Activation of TRPC6 channels in response to stretch, phospholipase C, or direct application of diacylglycerol, is inhibited by the tarantula peptide, GsMTx-4. (A and B) Inhibition of the hypoosmotic response of TRPC6 by GsMTx-4. (A) Acute addition of 5 μM GsMTx-4 to the activated TRPC6 increases the rate of channel inactivation. Currents are shown at 80 mV. (B) I/V relationship of the currents in A at maximal activation. (C and D) Inhibition by GsMTx-4 of stretch-activated current in CHO cells overexpressing TRPC6. Pressure pulses applied to an inside-out patch (C) did not activate TRPC6 after 2-min exposure to 5 μM GsMTx-4 added to the pipette solution (D). (E) Summary of the stretch-activated currents in inside-out patches from CHO cells overexpressing TRPC6. The bar chart represents control CHO cells, TRPC6-overexpressing cells in the presence of 5 μM GsMTx-4, 20 μM U73122, 40 μM cytochalasin D, and TRPC6 P112Q-overexpressing cells. (F–M) Whole-cell recordings from CHO cells expressing TRPC6 in the absence or presence of 5 μM GsMTx-4 applied 20–40 min before the trace.
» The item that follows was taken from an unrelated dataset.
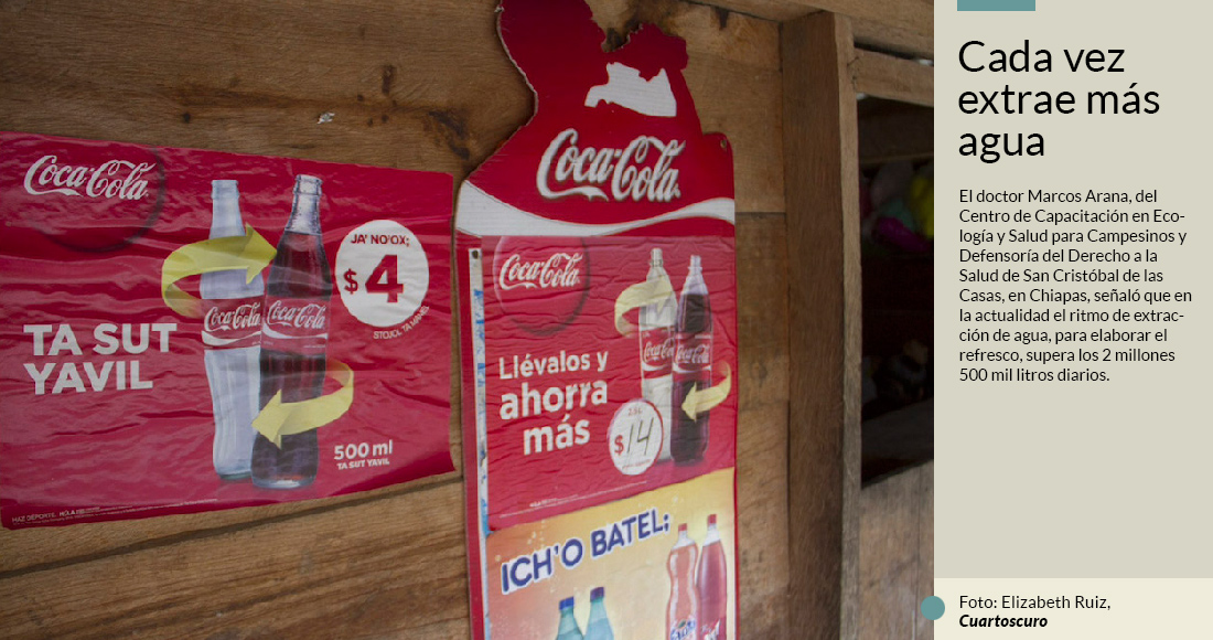 El doctor Marcos Arana, del Centro de Capacitación en Ecología y Salud para Campesinos y Defensoría del Derecho a la Salud de ese municipio, señaló que en la actualidad el ritmo de extracción de agua supera los 2 millones 500 mil litros diarios en la zona. Explicó que la Comisión Nacional del Agua (Conagua) ha otorgado la renovación y ampliación de concesiones a "Inmobiliaria del Golfo SA de CV”, razón social utilizada por Coca-Cola Femsa en Chiapas, sin consultar a los habitantes del municipio y sin transparencia.

Time course of TRPC6 activation by the purinergic receptor agonist UTP at −80 (black) and +80 (red) mV (F); UTP-induced TRPC6 activation was inhibited by GsMTx-4, and inhibition was reversed by washout (G); I/V relationship for maximal activation of TRPC6 channels in absence (black) and presence (red) of 5 μM GsMTx4 (H); average peak current at 100 mV in the absence (black) and presence (red) of GsMTx-4 (both cases, n = 3) (I); time-course of TRPC6 activation by 100 μM OAG (J); activation of TRPC6 by OAG is inhibited after incubation with 5 μM GsMTx-4 (K); examples of I/V relationship of maximal OAG-induced TRPC6 channel activation in the absence (black) and presence (red) of 5 μM GsMTx-4 (L); and average peak current at 100 mV in the absence (black) and presence (red,) of GsMTx-4 (n = 3 and 4, respectively) (M).

Fig. 4.

Model of TRPC6 activation by stretch and diacylglycerol and the inhibition of this activation by the tarantula peptide, GsMTx-4. (A) The resting closed state of the channel is depicted with PIP₂ (blue head groups) in the inner leaflet vicinity of the channel. (B) Stretch of the cell membrane causes membrane thinning, inducing exposure and/or conformational change in the TRPC6 channel, resulting in its open state. (C) The GsMTx-4 peptide inserts in the outer membrane leaflet and, by modifying boundary lipids, relieves lipid stress and/or prevents channel exposure resulting in channel closure. (D) Receptor activation of phospholipase C results in cleavage of the large charged IP₃ head group of PIP₂ to produce the small uncharged head group on DAG. (E) The drastic change in lipid geometry on the inner leaflet in the vicinity of the channel creates membrane curvature, resulting in stress and/or exposure of the TRPC6 channel and its opening. (F) As with stretch-activation, the GsMTx-4 peptide inserts in the outer bilayer leaflet and, by modifying channel boundary lipids, relieves lipid stress and/or prevents channel exposure and inhibits channel gating.